The Provincial Seamen's Museum in Grand Bank is devoted to the men and ships involved in the fishery. You can't miss this building: it's shaped like the sails of a schooner, and was once an exhibit hall at Montreal's Expo ‘67 World Fair. Inside are scores of boat models and a helpful staff. The Burin Peninsula Soccer Hall of Fame is also located here, which is appropriate given the proximity to St. Lawrence. Along the waterfront and nearby streets are Grand Bank's architectural wonders. The houses, influenced by the styles prevalent not in St. John's, but in Halifax and Boston, lie close to one another along narrow winding streets.

There are a couple of very fine examples of Queen Anne style architecture with the `widow's walk' atop the roof. The Heritage Walk takes in most of the older houses and commercial buildings in town. One of the many highlights is the George C. Harris House. This merchant property was built by Harris in 1908. Tour guides in period costume will show you around. Another must-see is the Thorndyke House, a sea captain's house dating from 1917. You can obtain information on the Heritage Walk at the museum and Visitor Information Centres on the Burin Peninsula.

There is also a Marine Walk and a Wilderness Walk to introduce you to the surrounding countryside. A 2007 addition is the Luben Bokov sculpture of a women clinging to a window's walk railing and looking out to sea. The town's newest attraction is its Regional Theatre Festival in July and August, which features plays and a lunch-time theatre series that focus on the stories and heritage of the Burin Peninsula.

Heading north on Route 210 to Frenchman's Cove and Fortune Bay

You'll come to Frenchman's Cove Provincial Park where a swim might be in order. When you come to Frenchman's Cove, bring your golf clubs and try out the nine-hole course.

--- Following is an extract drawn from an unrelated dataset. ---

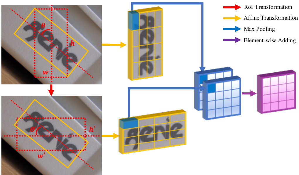 As described in Fig.3, inputting the RoI $O^{'}$ to RRoI pooling layer will obtain a totally different grid of sub-windows. We combine these two RoIs as a Dual-RoI and fuse their feature vectors to get the final output via element-wise adding operation. The essence of Dual-RoI pooling embeds multi-instance learning [28] inside the region-wise subnetwork and that will be helpful for finding the most representative features for training, similar to TI-POOLING [29]. As a result of directly conducting the transformation on feature map instead of on the source image, our module is more efficient than [29]. Considering the diversity of text arrangement, we argue that the element-wise adding is more appropriate than element-wise maximum in our task.

Next up is Garnish on Fortune Bay. This bay is infamous for its storms, and standing on a hill in Garnish overlooking the ocean you can see the weather change in a minute. Low fogs blow in to block the bobbing lighted buoys near the reefs just offshore, and views of the distant coasts of Brunette Island, and English Harbour West with its twinkling night lights, can appear or disappear in a moment. Breaks in clouds scudding rapidly over the bay pour brilliant golds onto the shifting waters.

This is a good place to stretch your legs. Explore the century-old lighthouse and walk the Mount Serat and Deep Water Point trails. Tip: bring waterproof footwear. For a longer walk, there's a 25-kilometre hiking and walking trail beyond Garnish to the abandoned community of Point Rosie.